Segment Open

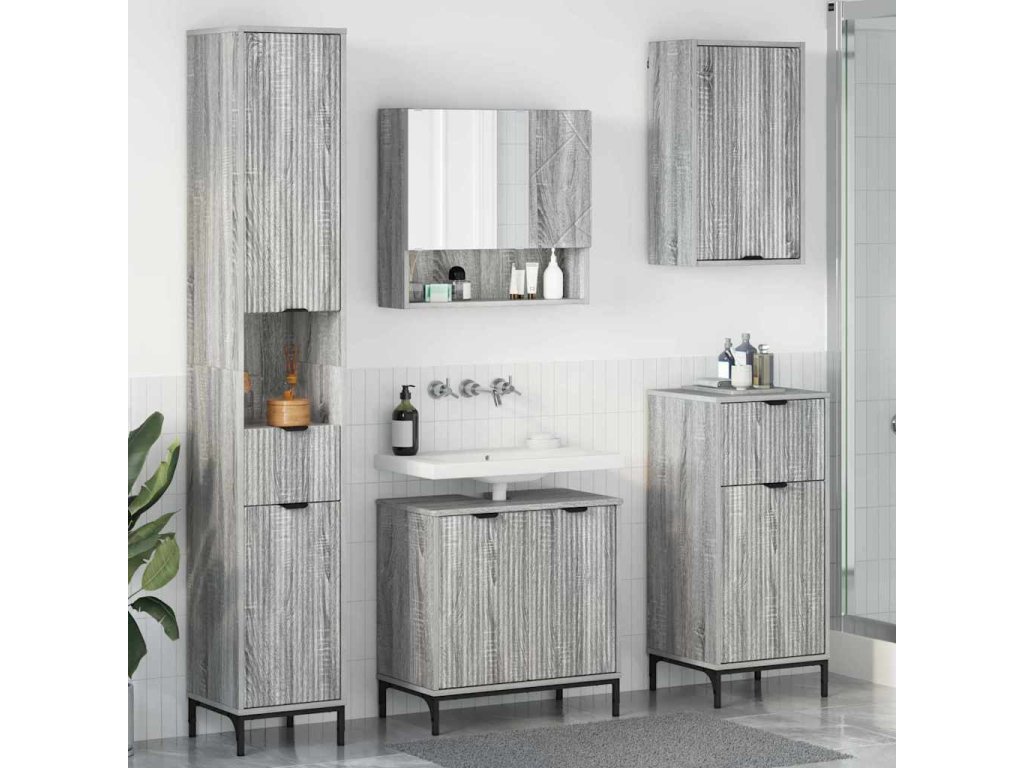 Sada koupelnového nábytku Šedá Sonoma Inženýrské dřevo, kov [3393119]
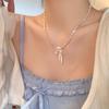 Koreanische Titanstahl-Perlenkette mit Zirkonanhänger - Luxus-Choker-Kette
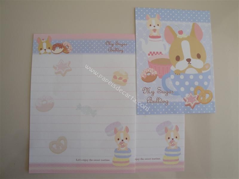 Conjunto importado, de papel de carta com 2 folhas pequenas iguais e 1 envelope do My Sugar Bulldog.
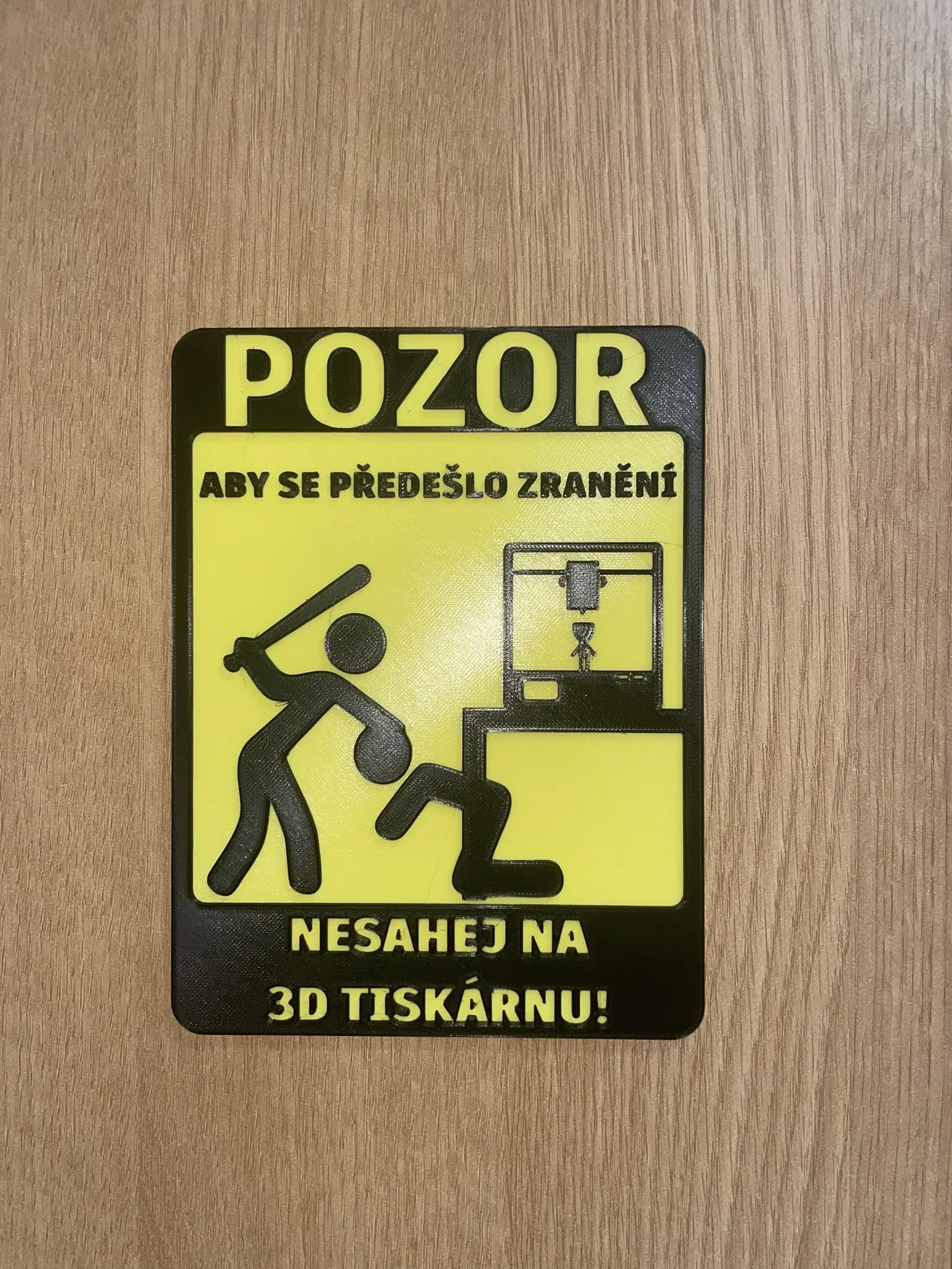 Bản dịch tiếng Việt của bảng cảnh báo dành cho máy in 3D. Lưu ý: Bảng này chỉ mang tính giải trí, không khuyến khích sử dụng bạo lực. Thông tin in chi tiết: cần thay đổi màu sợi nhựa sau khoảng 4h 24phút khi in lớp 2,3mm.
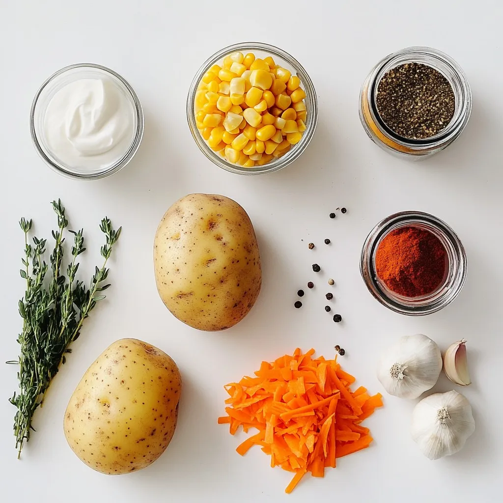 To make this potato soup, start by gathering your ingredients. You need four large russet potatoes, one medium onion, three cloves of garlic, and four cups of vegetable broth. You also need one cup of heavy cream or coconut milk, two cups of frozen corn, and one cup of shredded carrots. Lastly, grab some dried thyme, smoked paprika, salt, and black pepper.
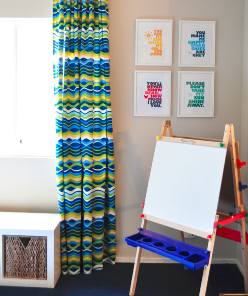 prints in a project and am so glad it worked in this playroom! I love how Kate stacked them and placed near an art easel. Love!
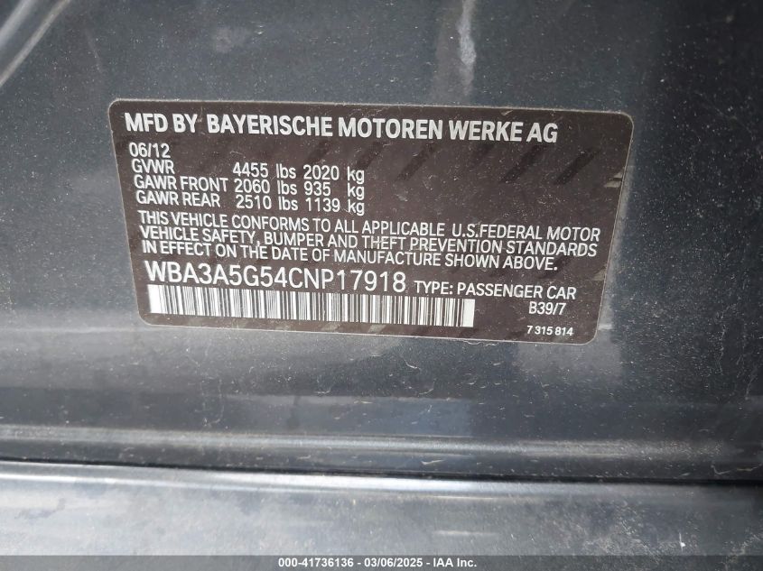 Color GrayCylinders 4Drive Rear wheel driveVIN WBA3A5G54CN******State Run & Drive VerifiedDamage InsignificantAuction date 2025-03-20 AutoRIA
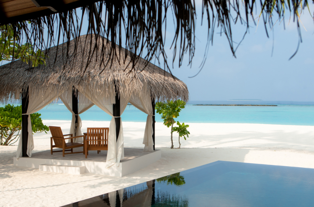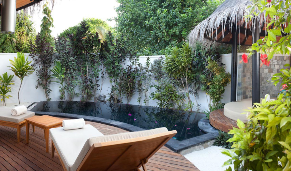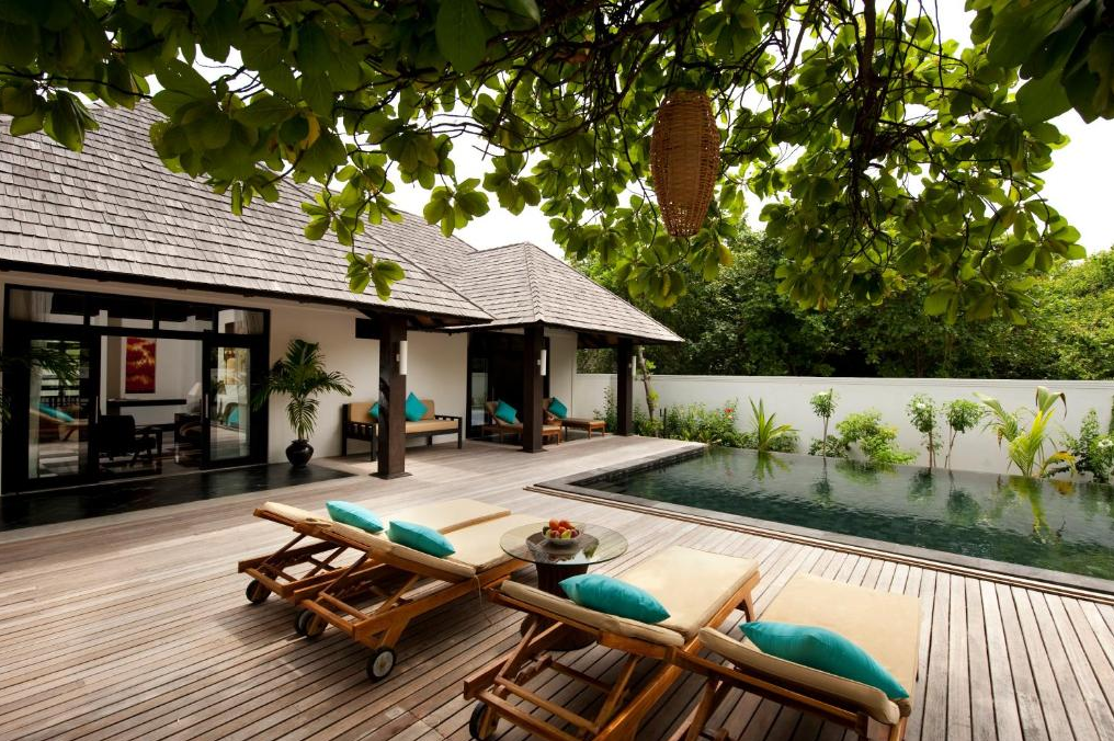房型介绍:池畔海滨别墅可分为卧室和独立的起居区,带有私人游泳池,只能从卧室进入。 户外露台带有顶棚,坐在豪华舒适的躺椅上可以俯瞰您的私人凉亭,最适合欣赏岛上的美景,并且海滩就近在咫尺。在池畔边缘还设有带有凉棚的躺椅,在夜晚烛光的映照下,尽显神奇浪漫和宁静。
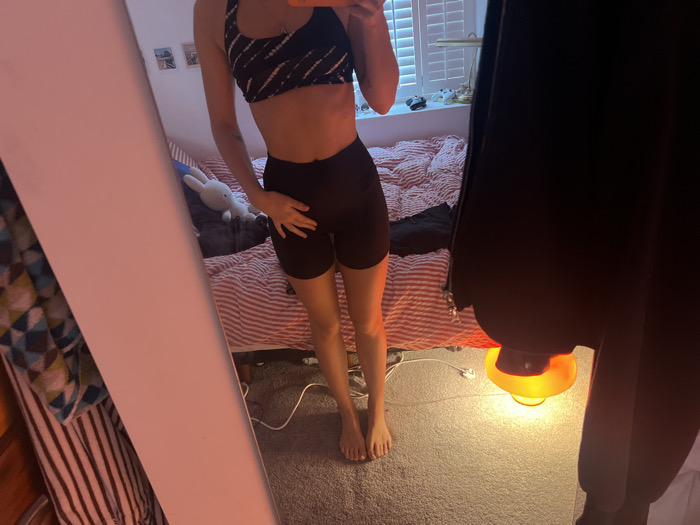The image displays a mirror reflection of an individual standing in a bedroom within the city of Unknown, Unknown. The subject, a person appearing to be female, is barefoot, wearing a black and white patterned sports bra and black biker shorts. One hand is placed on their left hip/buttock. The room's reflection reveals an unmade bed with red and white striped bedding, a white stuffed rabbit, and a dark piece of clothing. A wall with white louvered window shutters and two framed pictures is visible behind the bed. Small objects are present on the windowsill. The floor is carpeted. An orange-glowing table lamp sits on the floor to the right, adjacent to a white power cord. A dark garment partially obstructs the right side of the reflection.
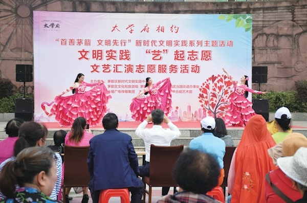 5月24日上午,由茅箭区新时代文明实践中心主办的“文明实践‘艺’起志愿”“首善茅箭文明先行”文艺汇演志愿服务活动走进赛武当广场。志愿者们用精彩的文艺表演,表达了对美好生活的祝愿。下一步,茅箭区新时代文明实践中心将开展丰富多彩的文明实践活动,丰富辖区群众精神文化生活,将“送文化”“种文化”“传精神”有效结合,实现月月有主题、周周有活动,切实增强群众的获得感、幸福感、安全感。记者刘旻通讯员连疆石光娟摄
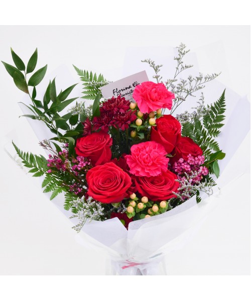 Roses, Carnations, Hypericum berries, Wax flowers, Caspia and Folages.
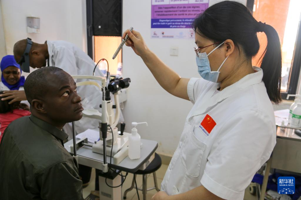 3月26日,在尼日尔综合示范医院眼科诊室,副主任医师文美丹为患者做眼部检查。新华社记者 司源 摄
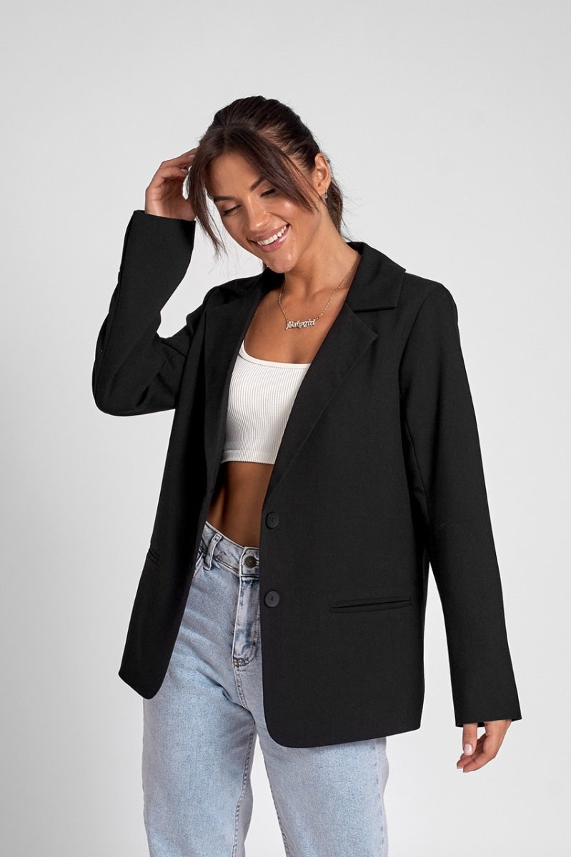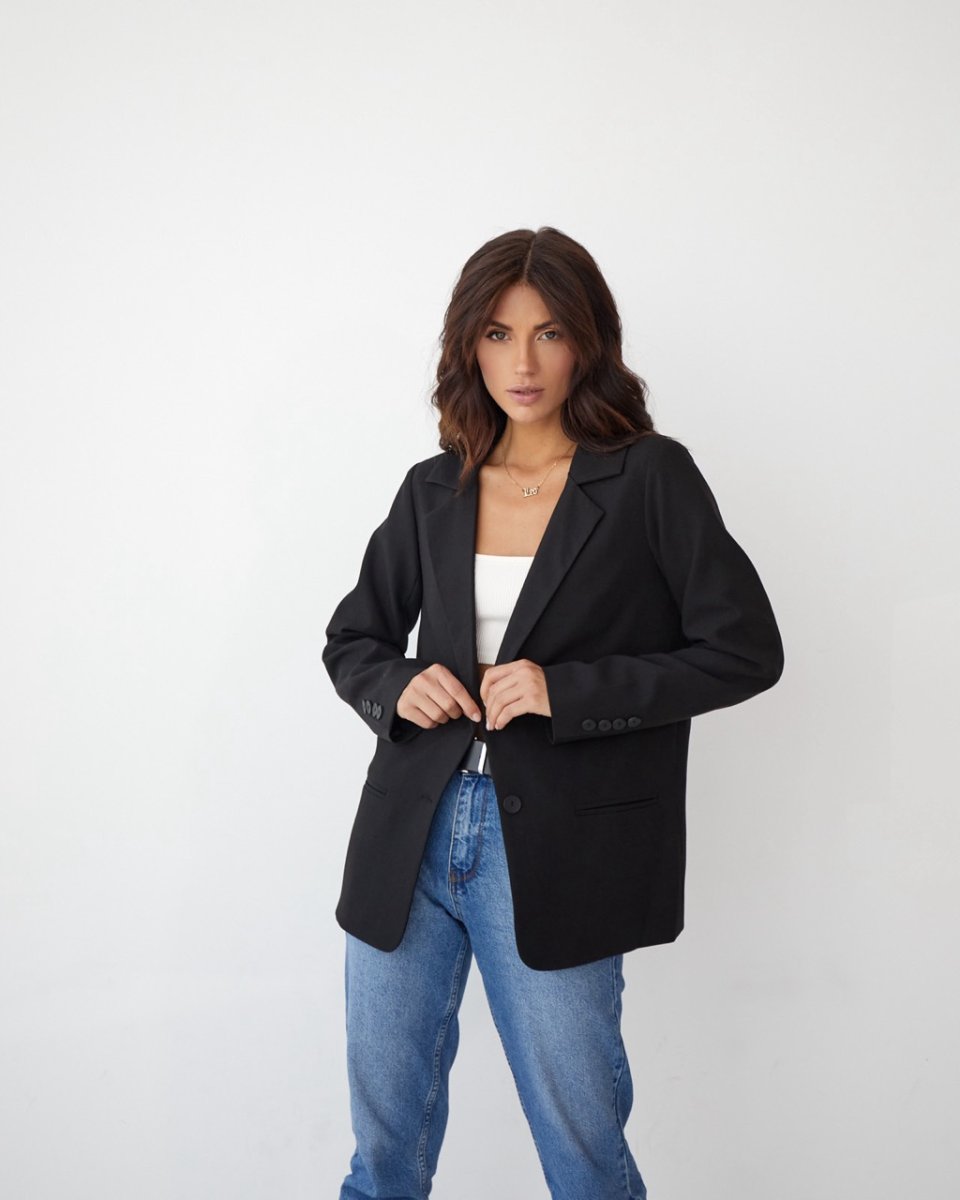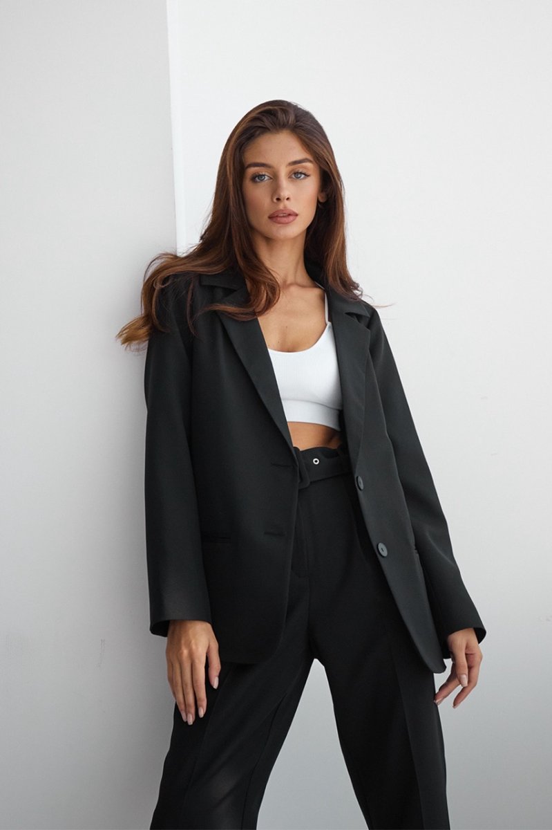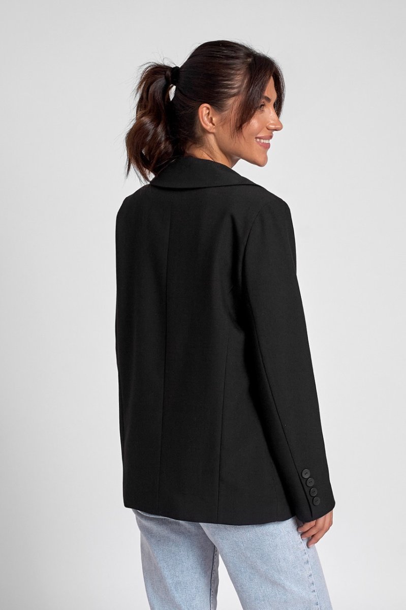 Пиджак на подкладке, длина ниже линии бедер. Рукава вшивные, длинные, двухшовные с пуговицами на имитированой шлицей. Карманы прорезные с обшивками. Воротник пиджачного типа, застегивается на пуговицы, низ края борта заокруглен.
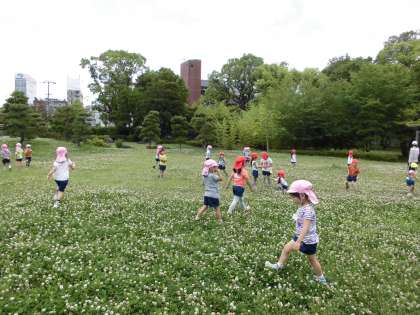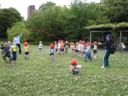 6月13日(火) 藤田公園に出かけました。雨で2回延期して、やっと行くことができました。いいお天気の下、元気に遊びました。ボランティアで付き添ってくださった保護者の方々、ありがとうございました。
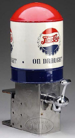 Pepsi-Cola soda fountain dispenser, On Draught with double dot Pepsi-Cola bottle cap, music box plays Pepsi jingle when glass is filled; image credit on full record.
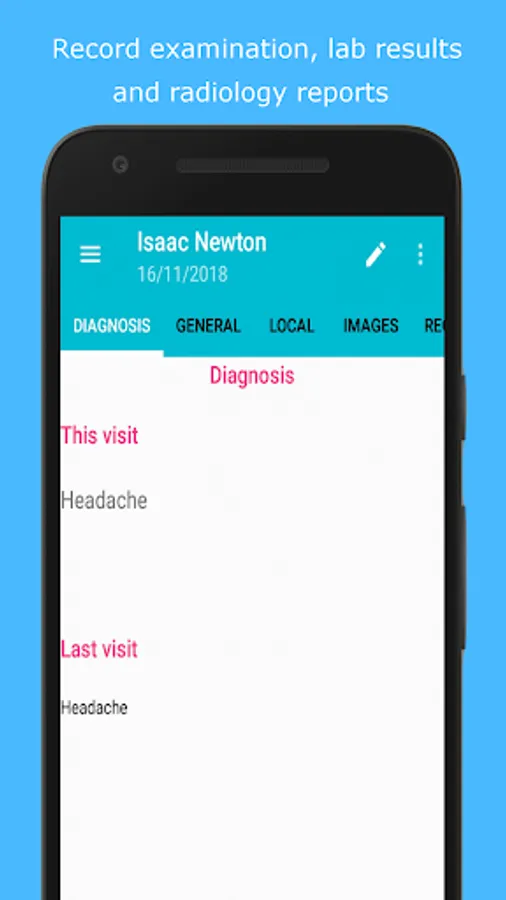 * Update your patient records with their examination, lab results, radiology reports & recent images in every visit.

Segment Closed

AIM OF THE TASK:
Reproduce each entry exactly as written, but leave out the images.

OUTPUT OF THE EXERCISE:
 Sada koupelnového nábytku Šedá Sonoma Inženýrské dřevo, kov [3393119]
 Koreanische Titanstahl-Perlenkette mit Zirkonanhänger - Luxus-Choker-Kette
 Conjunto importado, de papel de carta com 2 folhas pequenas iguais e 1 envelope do My Sugar Bulldog.
 Bản dịch tiếng Việt của bảng cảnh báo dành cho máy in 3D. Lưu ý: Bảng này chỉ mang tính giải trí, không khuyến khích sử dụng bạo lực. Thông tin in chi tiết: cần thay đổi màu sợi nhựa sau khoảng 4h 24phút khi in lớp 2,3mm.
 To make this potato soup, start by gathering your ingredients. You need four large russet potatoes, one medium onion, three cloves of garlic, and four cups of vegetable broth. You also need one cup of heavy cream or coconut milk, two cups of frozen corn, and one cup of shredded carrots. Lastly, grab some dried thyme, smoked paprika, salt, and black pepper.
 prints in a project and am so glad it worked in this playroom! I love how Kate stacked them and placed near an art easel. Love!
 Color GrayCylinders 4Drive Rear wheel driveVIN WBA3A5G54CN******State Run & Drive VerifiedDamage InsignificantAuction date 2025-03-20 AutoRIA
房型介绍:池畔海滨别墅可分为卧室和独立的起居区,带有私人游泳池,只能从卧室进入。 户外露台带有顶棚,坐在豪华舒适的躺椅上可以俯瞰您的私人凉亭,最适合欣赏岛上的美景,并且海滩就近在咫尺。在池畔边缘还设有带有凉棚的躺椅,在夜晚烛光的映照下,尽显神奇浪漫和宁静。
The image displays a mirror reflection of an individual standing in a bedroom within the city of Unknown, Unknown. The subject, a person appearing to be female, is barefoot, wearing a black and white patterned sports bra and black biker shorts. One hand is placed on their left hip/buttock. The room's reflection reveals an unmade bed with red and white striped bedding, a white stuffed rabbit, and a dark piece of clothing. A wall with white louvered window shutters and two framed pictures is visible behind the bed. Small objects are present on the windowsill. The floor is carpeted. An orange-glowing table lamp sits on the floor to the right, adjacent to a white power cord. A dark garment partially obstructs the right side of the reflection.
 5月24日上午,由茅箭区新时代文明实践中心主办的“文明实践‘艺’起志愿”“首善茅箭文明先行”文艺汇演志愿服务活动走进赛武当广场。志愿者们用精彩的文艺表演,表达了对美好生活的祝愿。下一步,茅箭区新时代文明实践中心将开展丰富多彩的文明实践活动,丰富辖区群众精神文化生活,将“送文化”“种文化”“传精神”有效结合,实现月月有主题、周周有活动,切实增强群众的获得感、幸福感、安全感。记者刘旻通讯员连疆石光娟摄
 Roses, Carnations, Hypericum berries, Wax flowers, Caspia and Folages.
 3月26日,在尼日尔综合示范医院眼科诊室,副主任医师文美丹为患者做眼部检查。新华社记者 司源 摄
 Пиджак на подкладке, длина ниже линии бедер. Рукава вшивные, длинные, двухшовные с пуговицами на имитированой шлицей. Карманы прорезные с обшивками. Воротник пиджачного типа, застегивается на пуговицы, низ края борта заокруглен.
 6月13日(火) 藤田公園に出かけました。雨で2回延期して、やっと行くことができました。いいお天気の下、元気に遊びました。ボランティアで付き添ってくださった保護者の方々、ありがとうございました。
 Pepsi-Cola soda fountain dispenser, On Draught with double dot Pepsi-Cola bottle cap, music box plays Pepsi jingle when glass is filled; image credit on full record.
 * Update your patient records with their examination, lab results, radiology reports & recent images in every visit.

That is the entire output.